Understanding Spherical Coordinates
Spherical coordinates describe a point in three-dimensional space using three values: the radial distance r from the origin, the polar angle θ (theta) measured from the positive z-axis, and the azimuthal angle φ (phi) measured from the positive x-axis in the xy-plane.
Conversion Formulas
Cartesian to Spherical
Convert (x, y, z) to (r, θ, φ) using these formulas.
r = sqrt(x² + y² + z²)
Polar Angle θ
The angle from the z-axis down to the point.
θ = arccos(z / r)
Azimuthal Angle φ
The angle in the xy-plane from the x-axis.
φ = arctan2(y, x)
Spherical to Cartesian
Convert (r, θ, φ) back to (x, y, z).
x = r sinθ cosφ, y = r sinθ sinφ, z = r cosθ
Convention Note
This calculator uses the physics convention (ISO 31-11): θ is the polar angle (from z-axis, 0 to 180 degrees) and φ is the azimuthal angle (in the xy-plane, 0 to 360 degrees).

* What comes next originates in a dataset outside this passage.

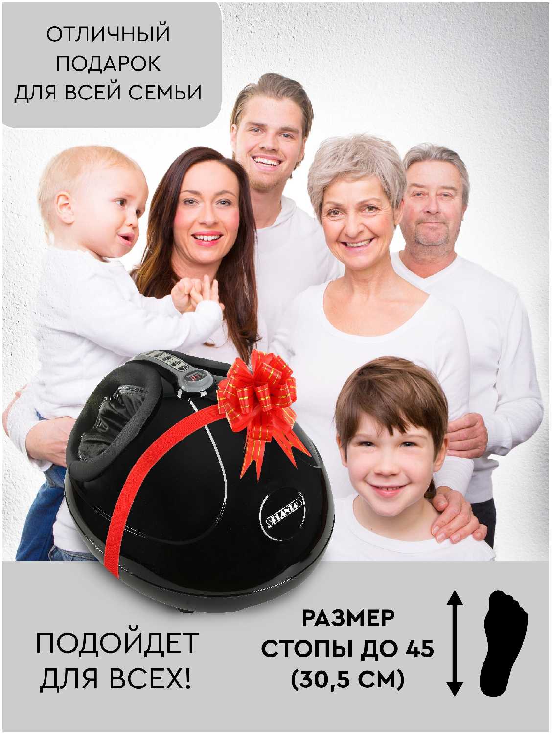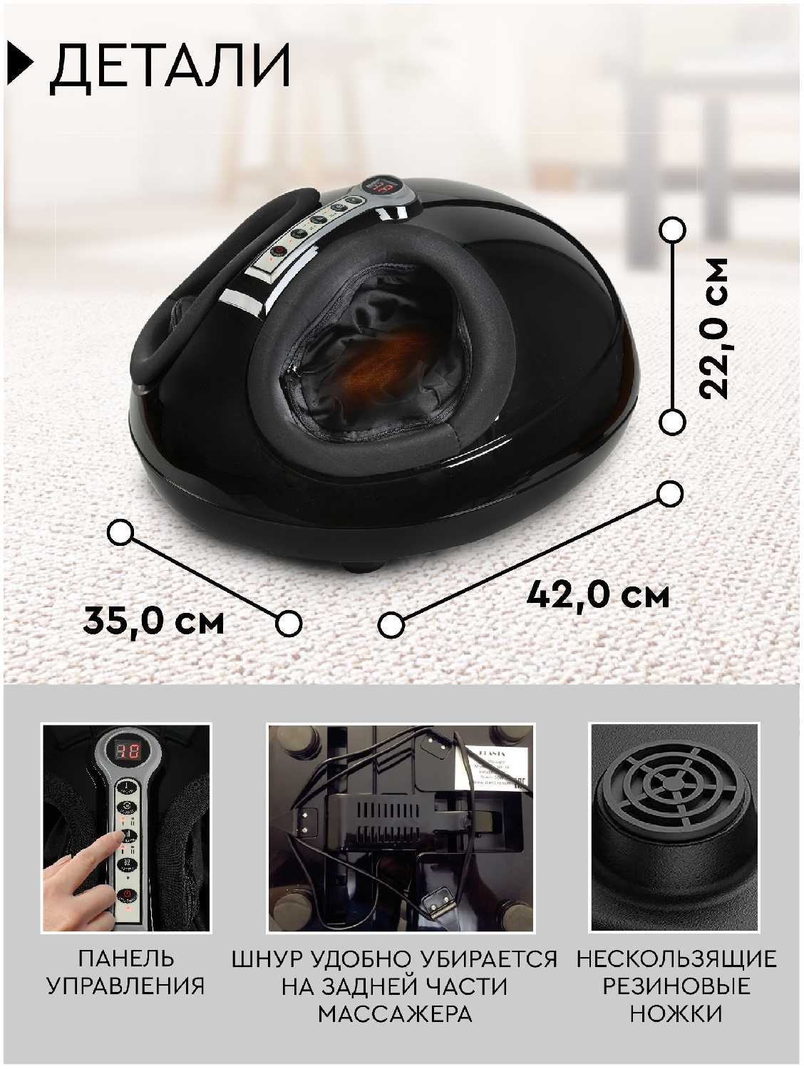 Обтекаемый корпус в форме «капсулы» выглядит современно и компактно, что позволяет разместить устройство даже в небольших помещениях. Чехлы на молнии легко снимаются для стирки, а панель управления интуитивно понятна даже пожилым. Однако короткий шнур (менее 1.5 м) ограничивает мобильность. Пользователи отмечают, что массажёр можно использовать даже во время работы за компьютером, переключая режимы ногой. Для поездок на дачу или в командировки устройство удобно, но отсутствие чехла в комплекте осложняет транспортировку. Черный цвет визуально уменьшает габариты, но требует частой протирки от пыли.

Some mathematics textbooks swap θ and φ.
Applications
- Physics: Gravitational and electric fields with spherical symmetry.
- Astronomy: Celestial coordinates for star and planet positions.
- Computer Graphics: Camera positioning, environment mapping.
- Navigation: GPS coordinates are a form of spherical coordinates.